As in previous years, the agency has split the guidance documents into an A-list and a B-list. List A features four draft documents, up from 10 last year, and three of the texts remain from 2022.

Although some unpublished papers have been reported since last year, the FDA has abandoned plans to develop preliminary risk classification guidance for software as a medical device. Also on the agenda is guidance on transitioning COVID-19 products from Emergency Use Authorizations (EUAs).

INSIGHT

The FDA has released 13 of 23 guidance documents planned for 2022, with the majority, 10, coming from the A-list. 

However,a lighter publication schedule than last year, when the FDA proposed 10 draft guidance documents. drive on your A-list, meaning most of your top priorities in 2023 remain for 2022. 

In the next fiscal year, the regulator plans to release preliminary guidance on voluntary summary reporting of malfunctions, clinical considerations for premarket submission of medical devices targeting opioid use disorder, and select updates to guidance for the program of innovative devices. 

All three proposals were also on the FDA's A-list by 2022. The only recently proposed draft guidance in List A covers an e-submission template for de novo applications.
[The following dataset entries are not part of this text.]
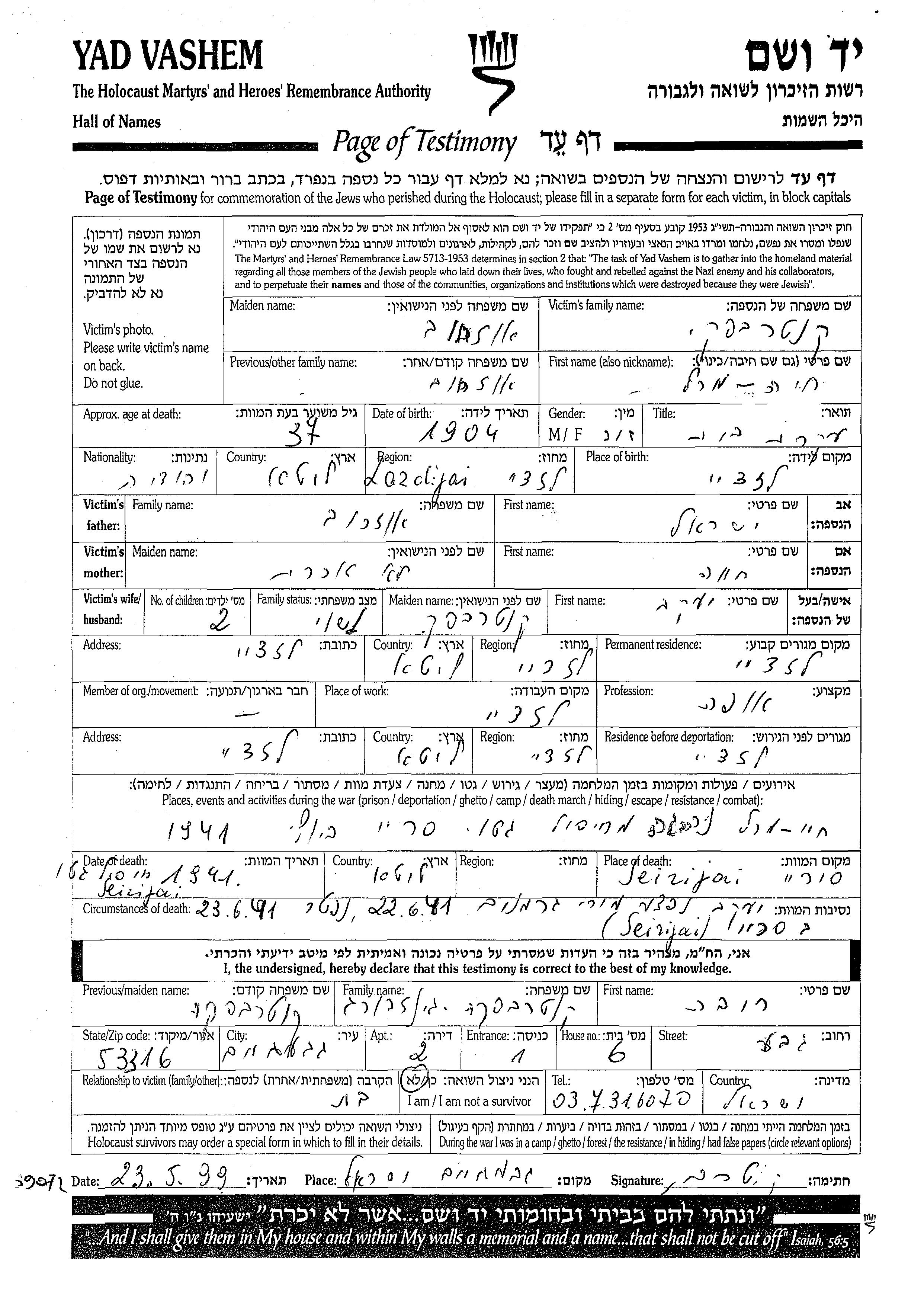 Kantorovski Miriam Khaia 1904 Lazdijai, Litauen Gedenkblatt
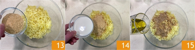 Geben Sie zu den zerstampften Kartoffeln die Nährhefeflocken 13, den Haferdrink 14 und das Olivenöl extra vergine 15.
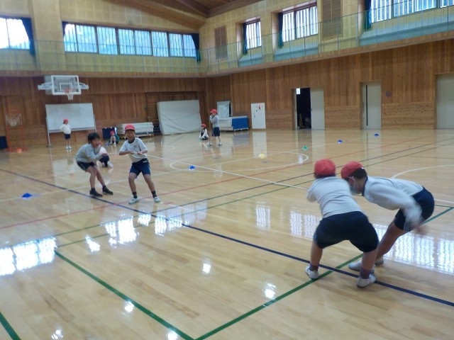 今日の体育は、学年別でした。相撲遊びをしたり、ドッジをしたりして、思い切り体を動かすことができました。
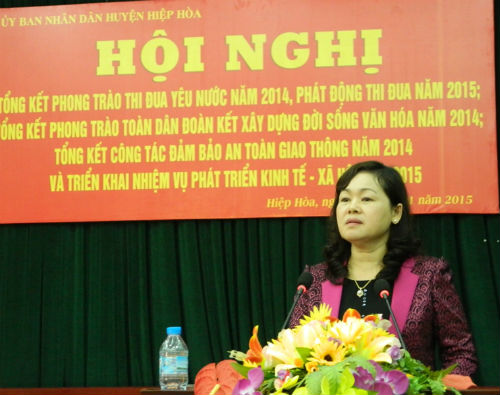 Sáng 29/1, UBND huyện Hiệp Hòa tổ chức hội nghị tổng kết phong trào thi đua yêu nước năm 2014, phát động thi đua năm 2015; tổng kết phong trào toàn dân đoàn kết xây dựng đời sống văn hóa, tổng kết công tác đảm bảo ATGT năm 2014, phương hướng nhiệm vụ năm 2015 và triển khai nhiệm vụ phát triển kinh tế- xã hội năm 2015.
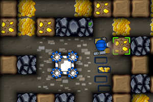 游戏使用鼠标左键点击屏幕下方的选项建造,点击石头进行击打,可以使用↑↓←→/WSAD/鼠标拖动来拖动移动画面。需要击打岩石并收集更多的金矿获得金钱,从而建造更多建筑。达到关卡要求即可过关。
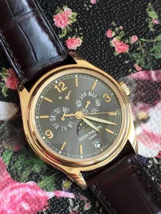 今天为大家介绍一款‘5’开头的新款男表中比较有名的一款,百达翡丽复杂功能计时5146系列:5146J-001,这款男士自动机械表的机芯直径是39毫米,也就是3.9厘米,背透蓝宝石玻璃。深棕色鳄鱼皮表带,表壳为18K金。腕表之家销售价格为2017年1月的最新报价为296200,回收价格在16-17w。当然做过二手奢侈品交易的都知道,自动机械手表的新旧、磨损、时差、附件、小票都是价格的影响因素。
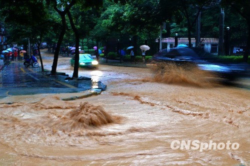 2010年6月18日,连日暴雨造成福建南平城区部分地段内涝和塌方,给商家、市民和公共设施造成重大损失,也给市民出行带来了困难。 中新社发 王商林 摄
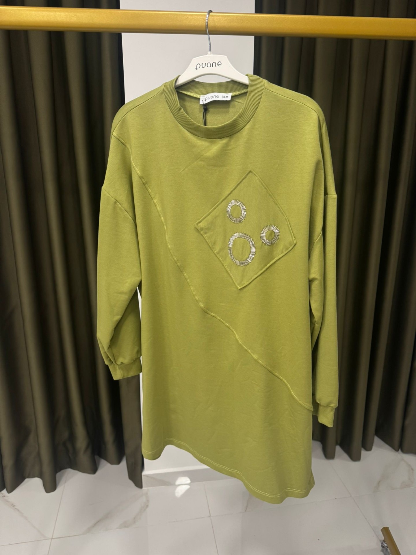 Zarif aplikeler ve detaylı işlemelerle modern bir şıklık sunan bu tunik, özgün tasarımıyla öne çıkar. Konforlu kesimi ve hafif dokusuyla günlük kombinlerde hem şık hem de rahat bir kullanım sağlar.
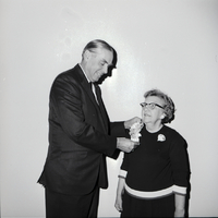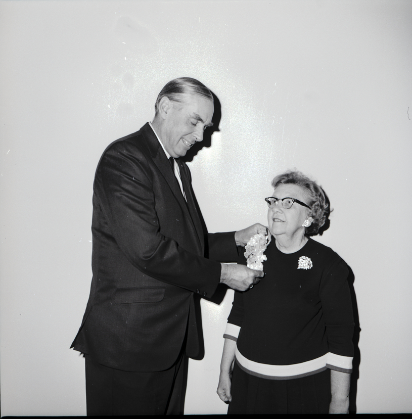 of School District 411, pins a corsage onto Idaho Teacher of the Year Ida Allen, who teaches first grade at Harrison Elementary School in Twin Falls. Mr. Ragland is dressed in a suit and tie and Ms. Allen is wearing a top and skirt.
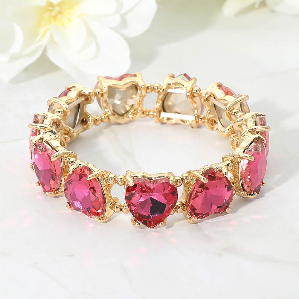 • This heart shape stretch bracelet features a continuous row of faceted heart accents that create eye-catching dimension and shine. Designed for comfortable slip-on wear, it delivers a bold yet romantic look that works for everyday styling, gifting moments, and statement jewelry collections across seasonal and special-occasion assortments.
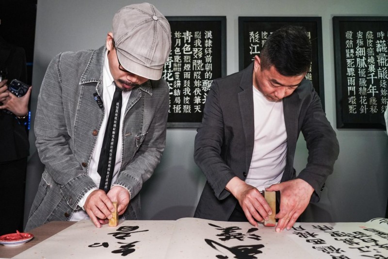 《艺起“杰”作》武汉站开幕式 方文山(Vincent Fang)与武汉美术馆馆长陈勇劲 共同为写有”知音武汉“的书法册页作品盖章

In addition to publishing the four draft guidance documents, the agency plans to finalize seven texts that have already reached the draft stage.
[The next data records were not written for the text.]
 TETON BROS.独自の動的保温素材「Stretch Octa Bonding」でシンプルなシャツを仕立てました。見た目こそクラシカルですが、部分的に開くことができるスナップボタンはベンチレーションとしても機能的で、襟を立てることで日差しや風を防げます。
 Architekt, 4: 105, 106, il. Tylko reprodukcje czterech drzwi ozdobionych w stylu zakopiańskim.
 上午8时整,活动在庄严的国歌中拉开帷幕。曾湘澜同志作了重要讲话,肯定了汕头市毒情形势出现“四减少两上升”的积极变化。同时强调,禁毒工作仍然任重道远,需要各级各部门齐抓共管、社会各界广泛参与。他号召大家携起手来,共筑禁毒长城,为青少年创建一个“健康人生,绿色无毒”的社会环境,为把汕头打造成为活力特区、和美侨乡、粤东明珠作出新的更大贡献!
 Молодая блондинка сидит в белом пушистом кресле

The list of A-list documents expected to be completed includes texts on cybersecurity management and the agency's guidelines for companies to transition to full US FDA approval in the pandemic era that has enabled rapid application of many tests, vaccines and treatments used to combat COVID-19. .

List B for next year contains six proposed draft guidance documents, only one of which was on last year's list. The previously proposed paper covers marketing submission recommendations for a change control plan for AI-enabled device software features.
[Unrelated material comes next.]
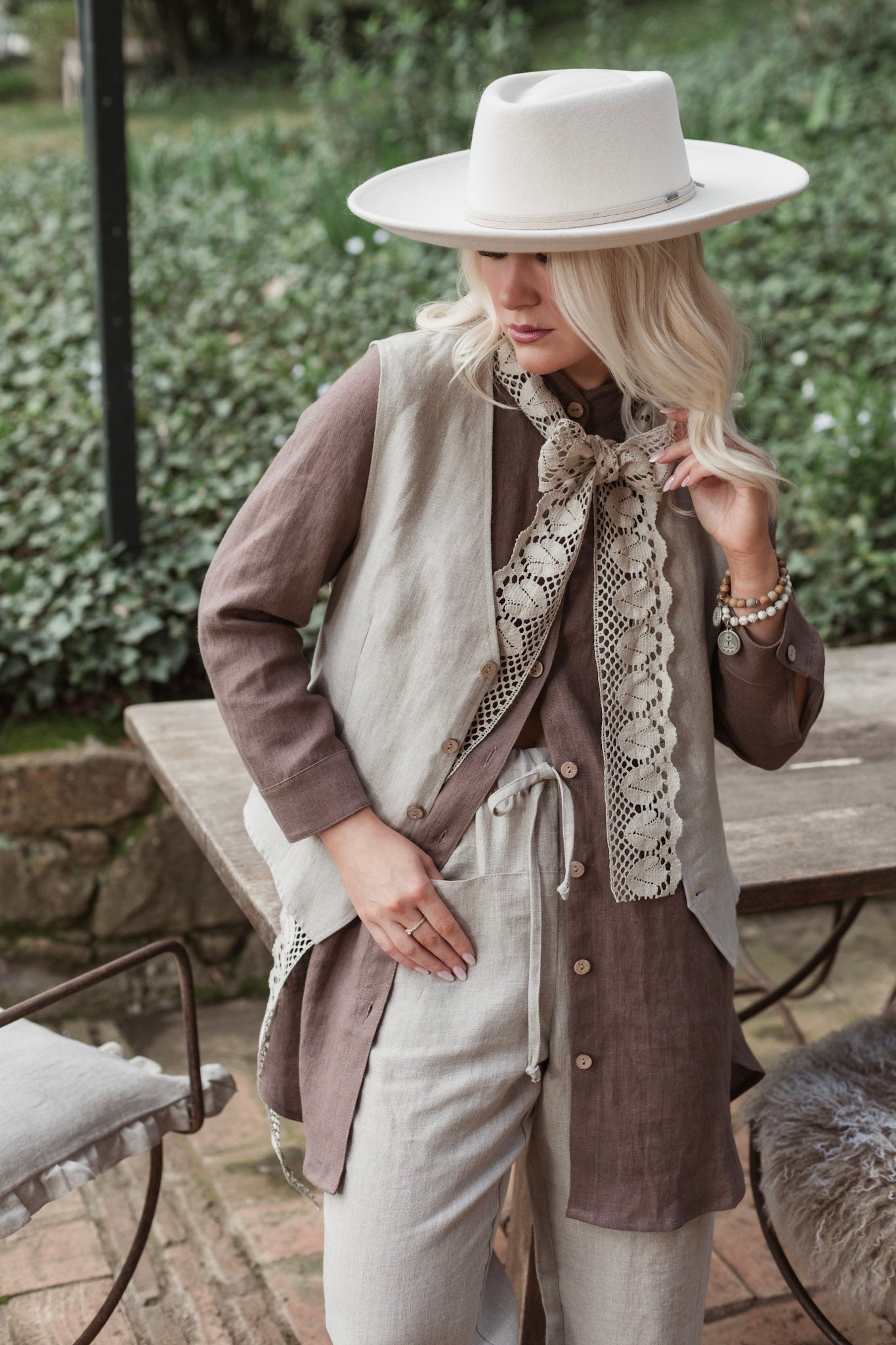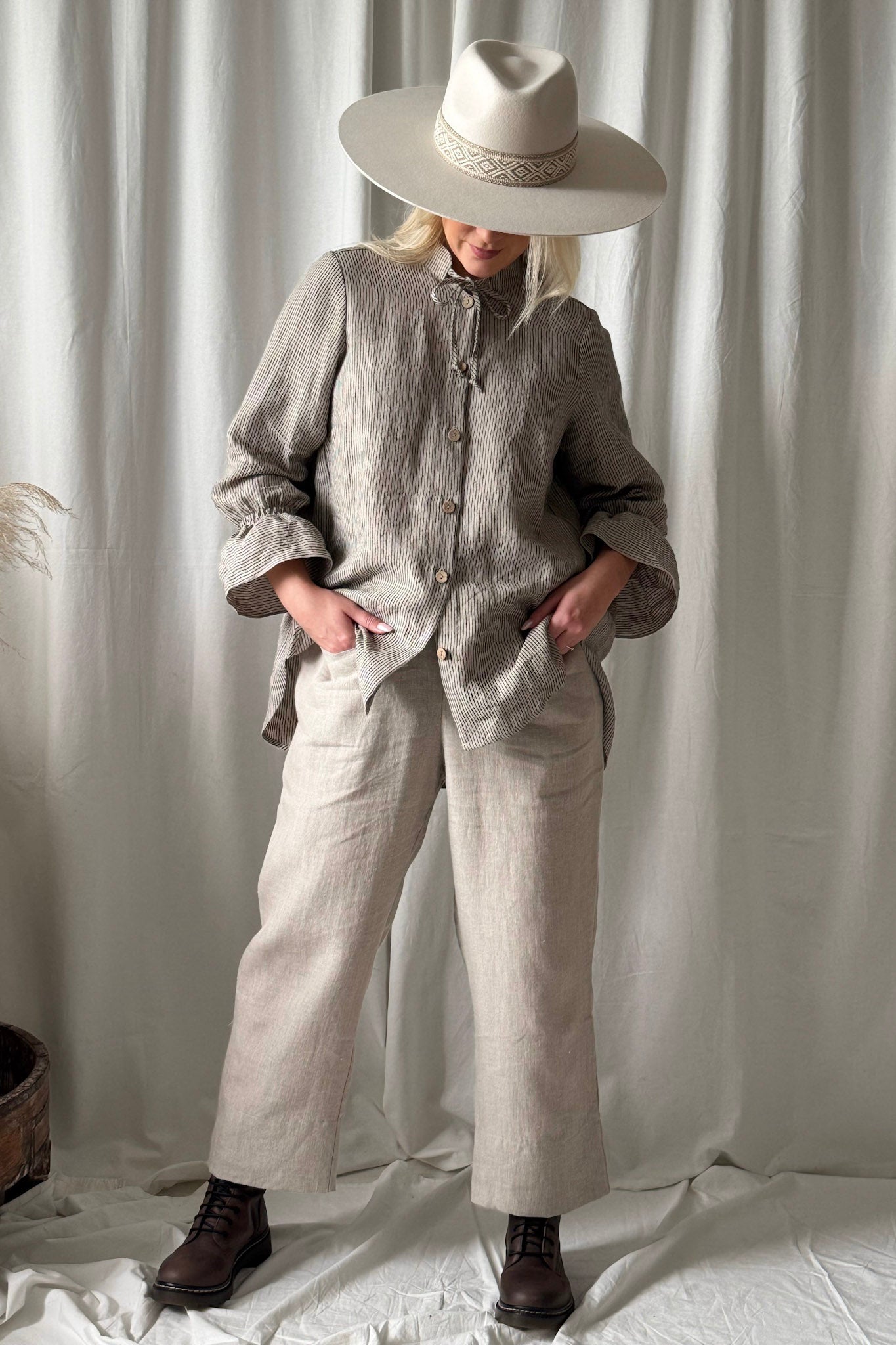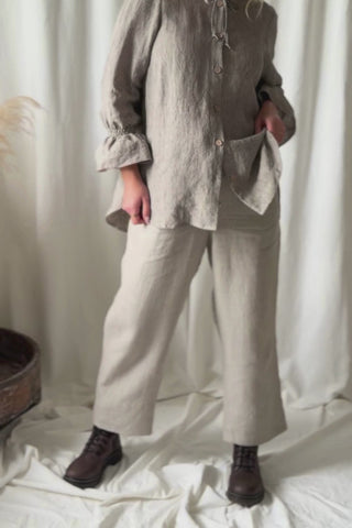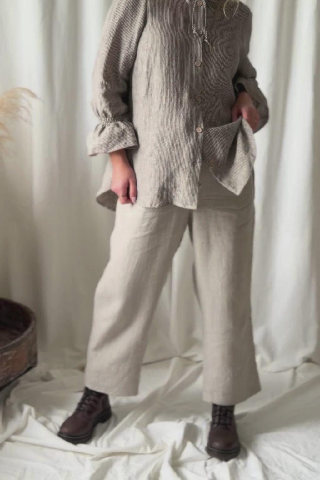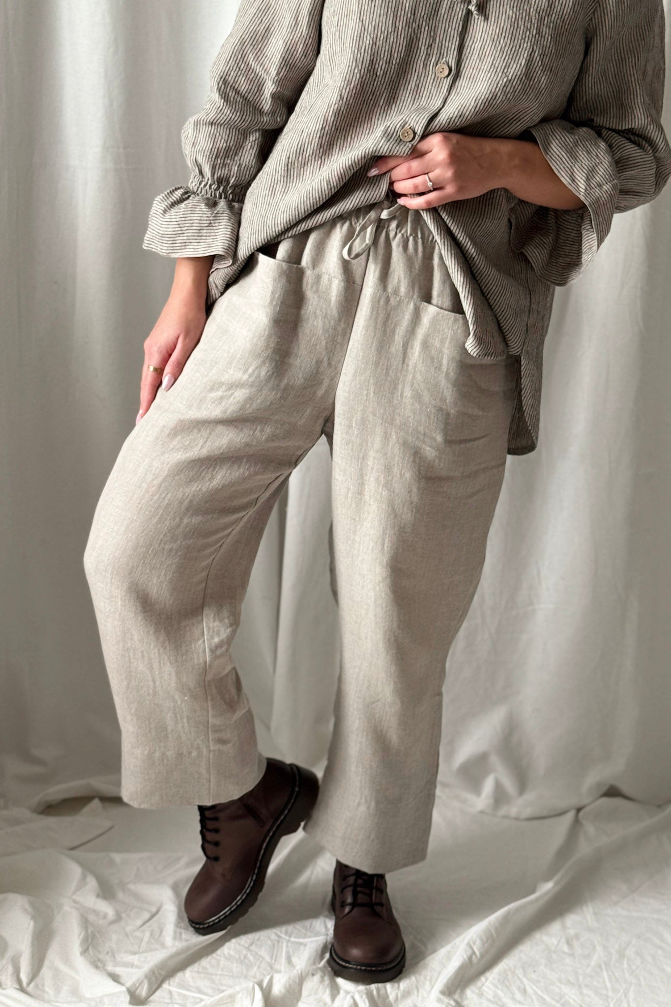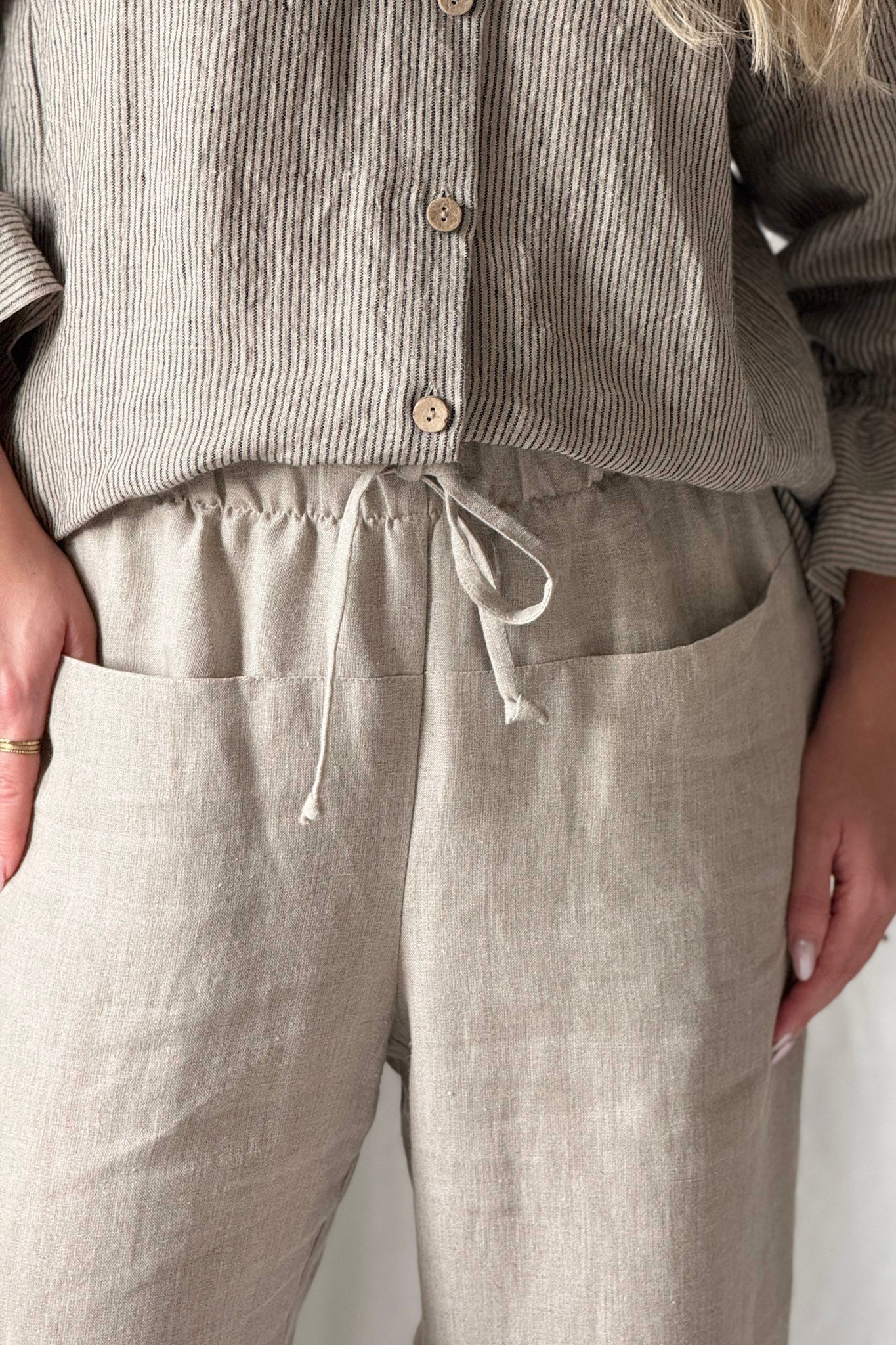 Klassiset pellavahousut leveillä lahkeilla. Housuissa on taskut edessä ja joustava resorivyötärö, jonka saa solmittua nyörillä. Valmistettu hengittävästä ja kestävästä pellavasta.

The FDA's new proposals cover topics such as chemical analysis for biocompatibility assessment and the evaluation of sex- and gender-specific data in clinical trials of medical devices. The officials also plan to conduct a retrospective review of guidance documents that were finalized in 1993, 2003 and 2013.

The review covers about 30 documents, including FDA guidance on submitting premarket notifications for pulse oximeters. The regulator has convened a panel of experts to look into pulse oximeters amid concerns they may delay care by providing incorrect readings for dark-skinned patients.

The FDA is seeking feedback on the relative priority of documents on its A-List and B-List, as well as suggestions on what guidance material it should review or withdraw as part of its retrospective review.